這可是一個好機會,能夠合法地干掉這個有可能是主角的家伙。
幾乎是一瞬間,楚軒就做出了決斷,沖過去雙手抱住了泰介的小腿,止住了他繼續向外沖的勢頭。
——雖然事后只要楚軒推說自己當時沒有反應過來。就算警察有所懷疑也不能定他的罪,但這只黃毛猴子死了會給還不熟悉這個任務世界的他帶來很多不可預知的風險。
如果澤永泰介家里的勢力其實很大,又認定楚軒是導致泰介死亡的罪魁禍首的話,那么會不會想方設法讓警察把他關進監獄里。或者直接干掉他這個“殺人兇手”為泰介報仇。
而且除了楚軒和泰介之外,還有其他一些學生在這附近,他們就算沒有看到楚軒和泰介的身影,也很有可能聽到那句“把你殺掉之后我也去死好了!”
這之后就算楚軒平安無事地過了警察和泰介親屬的那一關。卻還要面臨著在同學之間瘋狂流傳的可怕謠言,很可能被冠上“殺人兇手”或“基情破裂”的名頭,受到孤立甚至是霸凌。
在這種不利的校園人際關系之下想要攻略三個妹子,尤其是看上去十分文靜優雅。應該很重視交往對象的“風評”的指定攻略對象——桂言葉,那除了強“嗶——”以外,幾乎就不會再有第二個在明年的3月15日之前成功攻略她的方法了。
正是因為這種種考慮。所以楚軒還是救下了泰介這家伙。
不過。給這只黃毛猴子一個深刻的教訓也是十分必要的。
“嗚咦——疼、疼死啦!我的腿要斷了啊——!”
幾乎整個身體都懸在陽臺外面的澤永泰介此時一個勁地痛嚎著,還拼命扭動著身體,也不怕掙脫了楚軒的胳膊之后真的掉下去。
之所以泰介疼得甚至都顧不上害怕了,是因為此刻他的兩條小腿迎面骨正作為支點磕在扶手上。
不過還好,泰介看起來并不缺鈣,小腿骨并沒有因此而折斷。
——不過,也許他其實恨不得自己的兩條小腿立即骨折了才好。
因為人體的小腿迎面骨這個部位。在日本可是被稱作“弁慶的哭處”,就是說即使像“仁王挺立”的不屈勇士武藏坊弁慶那樣堅強勇敢的人,被踢到這里也會疼得忍不住流出眼淚。
可以說,在制造痛感上,擊打這個部位的效果不亞于擊打下陰。
“啊,太危險了——!”
這個時候,不知道為什么出現在這里的西園寺世界看見這副情景,連忙花容失色地向這邊跑來,然后與楚軒合力,拽著泰介的小腿把他拖了回來。
“這、這是怎么回事?
簡直嚇死人了!”
拖回泰介之后,西園寺世界拍著胸口,心有余悸地問道。
“泰介剛才說要把我殺掉然后自己也去死,不過被我閃開了,于是他就自己一個人沖出了陽臺。

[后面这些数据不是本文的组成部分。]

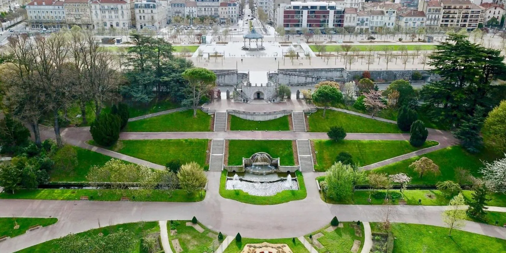 山の景色を望むAppartement terrasse au coeur de Valence 54はヴァランスにあります。共用ラウンジを提供しており、ヴァランス・パルクエキスポまで徒歩12分、Valence Multimedia Libraryまで500mです。無料WiFiを提供しており、専用駐車場(有料)を手配できます。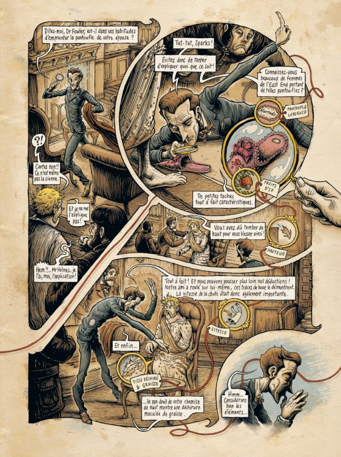 Pièces de maison où l’enquêteur se promène pour en sortir les éléments de ces théories, cases reliées par le fameux fil rouge et où l’on se perd, se demandant s’il faut suivre l’ordre naturel de lecture ou bien le fil qui se dévide de bande en bande. Mots qui s’entassent autour du visage concentré du héros. Tout est bon pour refléter la réflexion et les déductions, et tout fonctionne. Si l’on peut se tromper dans le sens de lecture, ça ne surprend pas, car nous sommes loin de turbiner aussi vite que le détective. Cette composition reflète comment tout s’imbrique dans le labyrinthe mental de Holmes, dans cette mansarde, comme il dit, qu’est son esprit. Et dans ces lieux, nous ne sommes que de pauvres Watson errant et essayant de retrouver le fil rouge et comment l’exploiter.
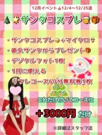 | 12月イベント クリスマス彼女サンタイベント♬ 開催期間:12月4日~12月25日迄 12月といえば、クリスマスにサンタクロース♡ 少し早めにあわてんぼうの彼女サンタがやってきた! 今年は、コースに追加することで、特典盛り沢山! 65分以上のコースに+【3000円】だけで下記特典!!! ①サンタコスプレ+マイクロビキニ ②彼女サンタからプレゼントとして、ご予約コース+10分延長無料! ③デジタルフォト1枚(ソロショットまたはツーショット) ④1月に使えるリフレコース60分無料券1枚 ※サンタコスは、クリスマス関連のトナカイ、雪だるまのコスプレの場合もございます。 ※基本の4コースを65分以上ご利用の場合+3000円にてご利用可能です。 ※無料券は、データ管理となり所持限度枚数はありませんが1日1枚までの使用となります。 ※他、割引との併用不可 ※期間中何度でも、ご利用いただけます。 ※その他、詳細はスタッフまで |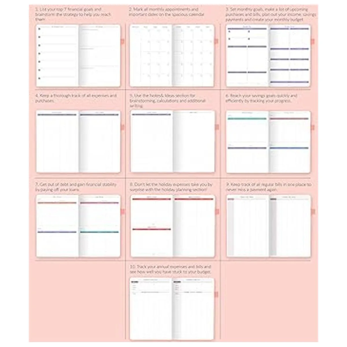 Tamaño compacto conveniente y calidad premium una característica importante de este diario de presupuesto es su tamaño compacto. Este planificador de presupuesto mensual es fácil de llevar contigo para que puedas realizar un seguimiento de tus gastos sobre la marcha. Mide 5.8 x 8.3 in, el tamaño perfecto para un bolso de mujer. Cuaderno para control diario de tu presupuesto de Clever Fo: hecho de cuero sintético y con tapa dura y banda elástica, y lleva un soporte para bolígrafos, un bolsillo de acordeón para facturas y recibos y 1 marcador, y está hecho de papel grueso blanco perla de 3.54 oz/yd.

”
楚軒面無表情地推了下反光的眼鏡,巧妙地利用對客觀事實的陳述技巧,將所有的過錯全都推到了澤永泰介的身上。
“嗚…我那只是在開玩笑啊!!!”
泰介原本正在一邊哭一邊輕輕揉著自己那已經腫起來的小腿迎面骨,聽到這種污蔑也忍不住大聲地為自己辯解了一句。
“在陽臺邊上就算開玩笑也不能這樣打鬧啊!
幸虧我及時閃開了,才能把你救下來!
如果剛才我沒能躲開,那么現在我們兩個就一起摔到樓下了,根本沒有人能來得及救我們倆!”
楚軒好像就等著泰介說這句話,立即板下臉來,狠狠地訓斥了他一頓,順便把自己閃開才導致他直接沖出了陽臺這一事實轉變成了因為自己閃開才救下了沖出陽臺的他。
“對、對不起…
真是多虧了你,謝謝、謝謝啊!
楚軒,你真是我澤永泰介一生的摯友啊!”
“緣分!這都是緣分啊!”
——楚軒當然不可能這么回答,所以他只是沉默地推了下反光的眼鏡,面無表情地微微點了下頭,表示他已經原諒泰介剛才的危險行為了。
原本就因為疼痛和后怕而心神不定的澤永泰介雖然覺得好像哪里有點不對勁,但還是終于在楚軒的教育下深刻地認識到了自己之前在陽臺邊打鬧所帶來的危險性,并且打從心底感激起了救下他性命的楚軒來。
等泰介平靜下來之后,楚軒才轉過頭對應該已經回家了才對的西園寺世界問道:
“你剛才過來,是找我有事嗎?”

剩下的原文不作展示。